Lake Elsinore Diamond serves as a site for the Single A baseball team Lake Elsinore Storm, which is a farm team for the San Diego Padres, and was formerly a farm team for the Los Angeles Angels of Anaheim. Also, it held now-disbanded semipro football teams: The Riverside-Elsinore Dolphins of the Western States Football League was active in 1996–98. The stadium hosted the Banning-Elsinore Eagles of the California Football Association, a minor American football league. It used to host the Elsinore-Murrieta Bandits, a semipro soccer team in the 2010s. In 2020, neither football or soccer is played at "the Diamond", but special events, such as concerts with stars such as Willie Nelson and ZZ Top, are held there.

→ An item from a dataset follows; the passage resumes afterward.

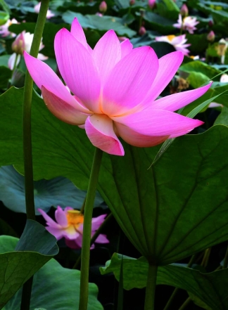 荷蓋呈圓形,邊口有彎曲、高低的波狀起伏感。新葉較小,初出水面時(shí)卷起呈角狀。小荷才露尖尖角,形象生動(dòng)地描寫(xiě)出了新葉的這種狀態(tài)。

====Cross monument lawsuit====
In 2012, the city council voted to approve $50,000 for a memorial to veterans that would be placed in front of the stadium. The design of the memorial included a soldier kneeling in front of a Christian cross. After repeated warnings to the city council from the city attorney and others that endorsing religion using public funds is unconstitutional, the city council unanimously voted to include a Star of David, as well as more Christian crosses. In 2013, the American Humanist Association filed suit to prevent the building of the monument. The Pacific Justice Institute provided free legal representation to the city in the suit. A federal court issued a preliminary injunction in July 2013 halting the project, and in February 2014 ruled that the design "violates both the U.S. Constitution's Establishment Clause and the Establishment and No Preference Clauses of the California Constitution." The City Council declined to appeal the decision, and agreed to pay plaintiffs $200,000 in attorneys' fees and to develop a revised design for the memorial. At a meeting in June 2014, the council approved an amended design. The 3,600 lb memorial, absent of religious symbols, was finally installed and commemorated in November 2014.

===Elsinore Grand Prix===

The Elsinore Grand Prix is a dirt-bike race that takes place in and around the Lake Elsinore area. The annual race is usually held in mid-November. The popularity of the event hit its apex in the late 1960s and early 1970s, drawing the likes of dirt-bike greats such as Malcolm Smith and Steve McQueen, to name a few. The race has always been set as an "open" format, meaning anyone can ride; usually only about 200 or so take this event seriously, whereas the rest use it as an opportunity to have fun. In 1971, the documentary movie On Any Sunday by Bruce Brown included scenes from the grand prix.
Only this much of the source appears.